Last month, commodity prices in the United Kingdom spiked at their steepest rate in 30 years, driven by rising expenses for household electricity and automobile fuels – the latest bleak numbers as global inflation keeps rising.
The Office for National Statistics said Wednesday that inflation in the United Kingdom increased to 7% in the year 2022, the highest annual rate since March 1992. As spiralling energy costs, rising food prices, and tax increases surpass higher salaries, the UK is facing the worst loss in living standards since the mid-1950s, as per economists. People all over the world are feeling the pinch of inflation as demand quickly recovers from the COVID-19 pandemic, and Russia’s war in Ukraine drives up energy prices and compresses supply chains.
Even consumer prices in the United States rose 8.5 percent from a year ago last month, the fastest rate in more than 40 years, according to the Labor Department. Inflation in the 19 European countries that use the euro rose to 7.5 percent last month, marking the fifth month in a row that it has achieved a new high. According to the government’s independent budget adviser, disposable household earnings in the United Kingdom are likely to fall by 2.2 percent this year, adjusted for inflation. Household natural gas prices increased 28.3% year over year, while electricity costs increased 19.2%, as the global economy recovered from the COVID-19 epidemic resulting in increasing global energy demand. Prices will continue to rise after the UK’s energy regulator approved a 54 percent increase in gas and electricity bills that came into effect from April for millions of households. Transportation costs are also growing, according to the Office for National Statistics, with the cost of gasoline and diesel fuel rising by an average of 30.7 percent over the last year, the largest increase since records began in January 1989.
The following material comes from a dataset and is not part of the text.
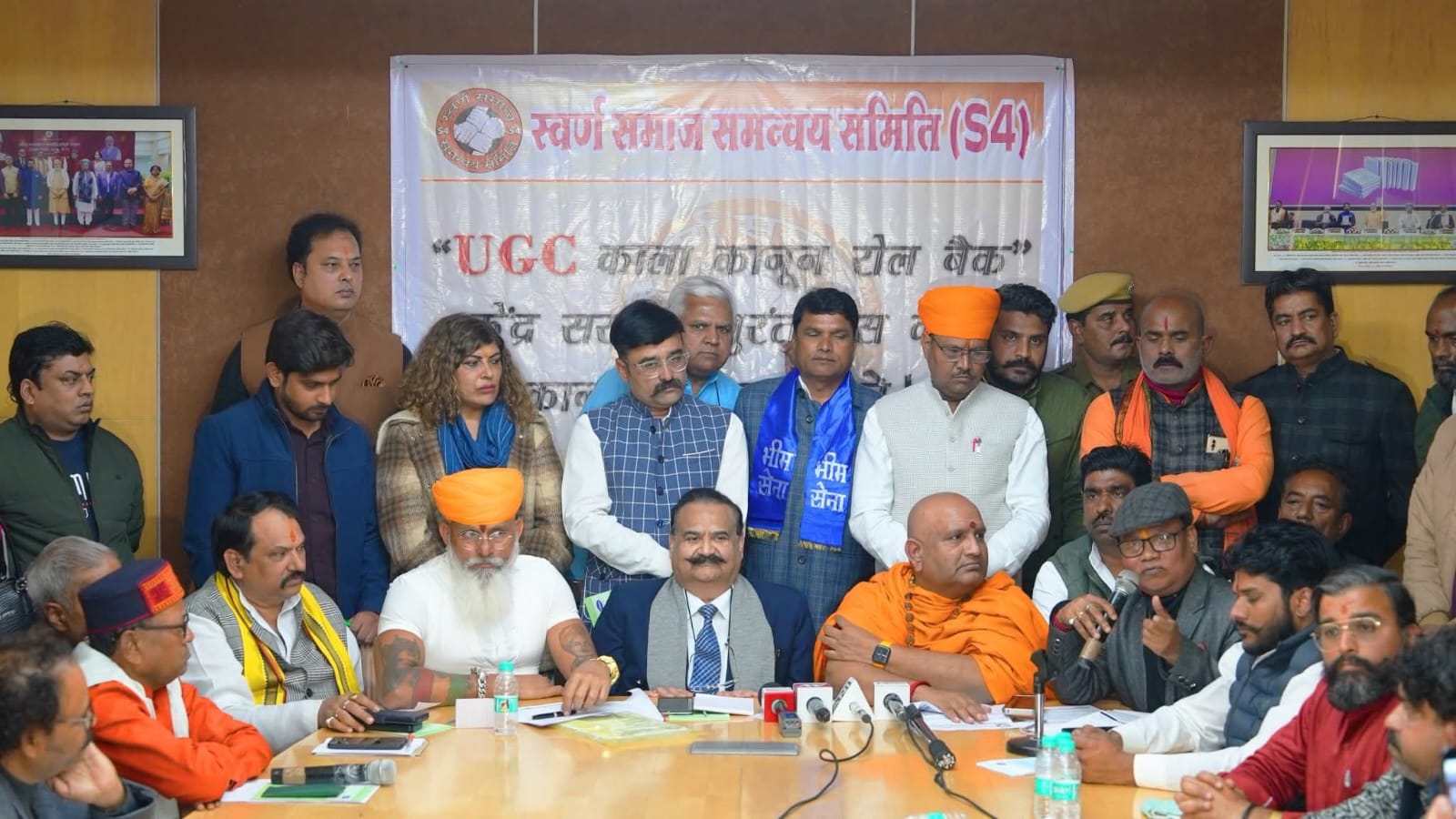 नई दिल्ली। यूजीसी एक्ट को लेकर जारी विवाद के बीच “सवर्ण समाज समन्वय समिति “ से जुड़े 40 से ज़्यादा संगठनों ने सरकार को चेतावनी दी कि अगर इस क़ानून को वापस नहीं लिया गया तो वो 8 मार्च( 2026) को रामलीला मैदान में “यूजीसी रोल बैक आंदोलन “ करेंगे । इसकी शुरुआत कल आहूत देशव्यापी बंद के साथ होगी । इस बात की जानकारी आज पंडित मदन मोहन मालवीय स्मृति भवन में आयोजित प्रेस कॉन्फ़्रेंस में समित के प्रमुख स्वामी आनंद स्वरूप महाराज ने दी । इस अवसर पर करणी सेना के राज सिंह शेखावत, अजीत सिंह, हिंदू महासभा के विजय कौशिक, कायस्थ महासभा के अनूप श्रीवास्तव, ब्रिगेडियर अनिल श्रीवास्तव, हाई कोर्ट के पूर्व जस्टिस सुधीर सक्सेना, सुप्रीम कोर्ट के सीनियर एडवोकेट डीपी श्रीवास्तव, अग्रवाल महासभा के अनिल अग्रवाल, भीम सेना के नेशनल प्रेसिडेंट श्रीधर साल्वे, जनसंघ के कुलदीप पांडे, योगी किशोर तिवारी, छगन सिंह राठौर आरएसपी के पंकज धवरैया समेत बड़ी संख्या में इस एक्ट का विरोध करने वाले संगठनों के प्रतिनिधि मौजूद थे ।

Countries are hiking interest rates to ease the burden of rising food, fuel, and other prices. Since December, the Bank of England has raised its key interest rate three times, and the Federal Reserve of the United States boosted its benchmark short-term rate last month and is anticipated to keep rising it, possibly dramatically. Meanwhile, the European Central Bank has accelerated its exit from economic stimulus efforts to control inflation, but has refrained from taking more harsh measures. It is scheduled to meet again on Thursday.